- Interactive map of Mohariya Tole
- Coordinates: 28°14′10″N 83°59′07″E﻿ / ﻿28.23611°N 83.98528°E
- Country: Nepal
- Province: Gandaki Province
- District: Kaski District
- Municipality: Pokhara Metropolitan City
- Ward: Ward 2 (bordering Wards 1 and 3)

= Mohariya Tole =

Neighborhood of Pokhara, Nepal

Mohariya Tole (मोहरिया टोल) is one of the oldest neighbourhoods in Pokhara, located within Ward No. 2 of Pokhara Metropolitan City in Kaski District, Gandaki Province, Nepal.
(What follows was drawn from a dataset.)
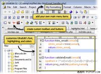也许经常编辑文本的用户都会认识UltraEdit,这是一个功能超强的文本、HTML和十六进制编辑器,也可以作为高级 PHP、Perl、Java 和 JavaScript 程序编辑器。该软件内建英文单字检查、C++及VB指令突显,可同时编辑多个文件,而且即使开启很大的文件速度也不会放慢。并且附有 HTML Tag 颜色显示、搜寻替换以及无限制的还原功能,很多高级用户还使用它来修改EXE或DL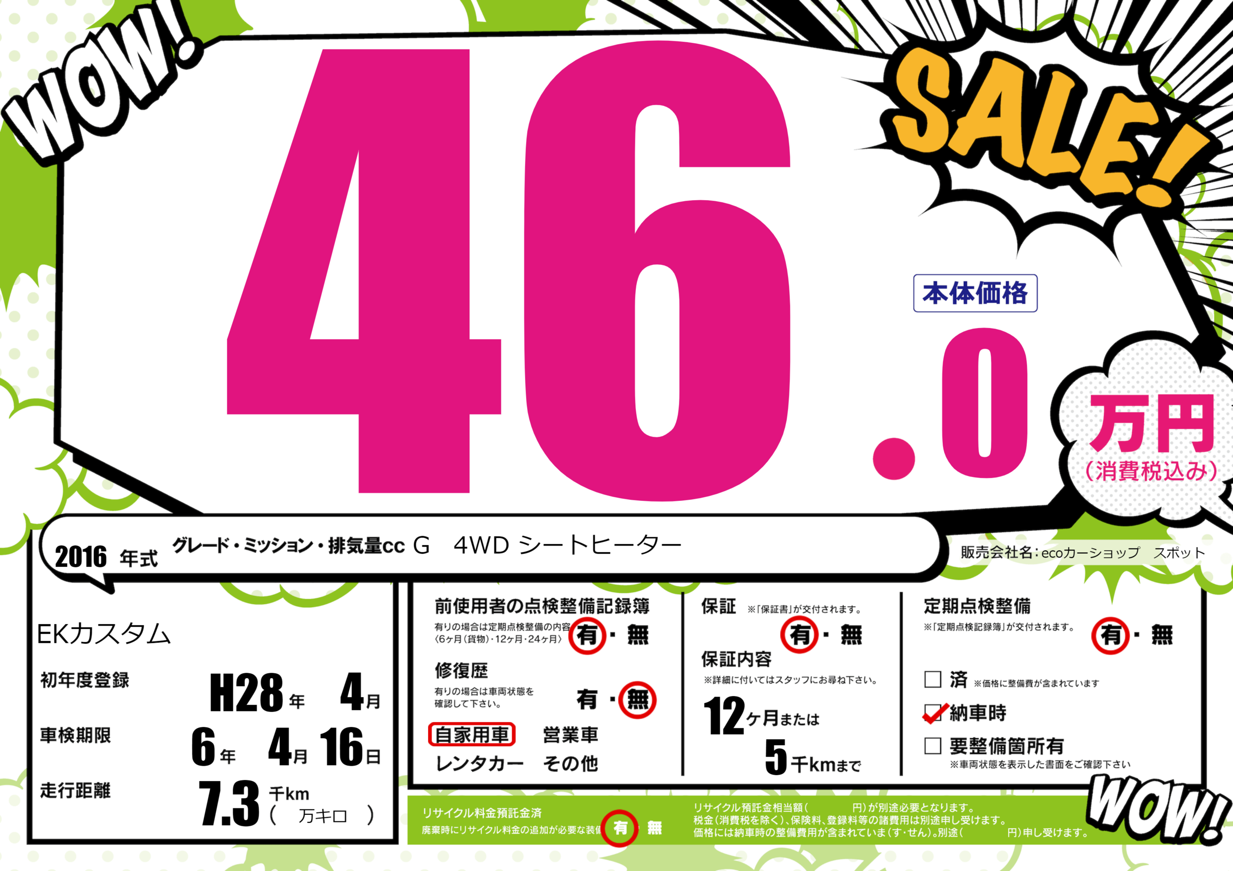 | 車名 | EKカスタム | グレード ミッション 排気量 |

The area is known for its cultural attractions, including the Bindhyabasini Temple, and was a prominent commercial hub before 1960.

== Location ==
Mohariya Tole is centrally located in the old part of Pokhara and is bordered by several historic neighbourhoods:
- Bagar to the north (Ward 1).
- Bhairab Tole to the south (Ward 2).
- Nadipur to the east (Ward 3).
- Pokhara Baglung Highway and Miruwa to the west (Ward 2).

== History ==
The rulers of Kaski, impressed by the trading skills of Newar communities, invited merchants from Bhaktapur to settle in the area between 1658 and 1669 A.D. These settlers were granted land via a royal decree bearing the "Mohar" seal, giving the area its name, Mohariya Tole.

== Notable Landmarks ==
- Bindhyabasini Temple: A significant religious site located at the northern edge of the neighbourhood.
- Hamro Sangam Park: A local community park providing green space for residents.
- Ganesh Temple: A traditional place of worship dedicated to Lord Ganesha, central to the local Newar community's daily worship.
- Buddha Temple: A significant temple dedicated to Lord Buddha reflecting the area's diverse religious heritage.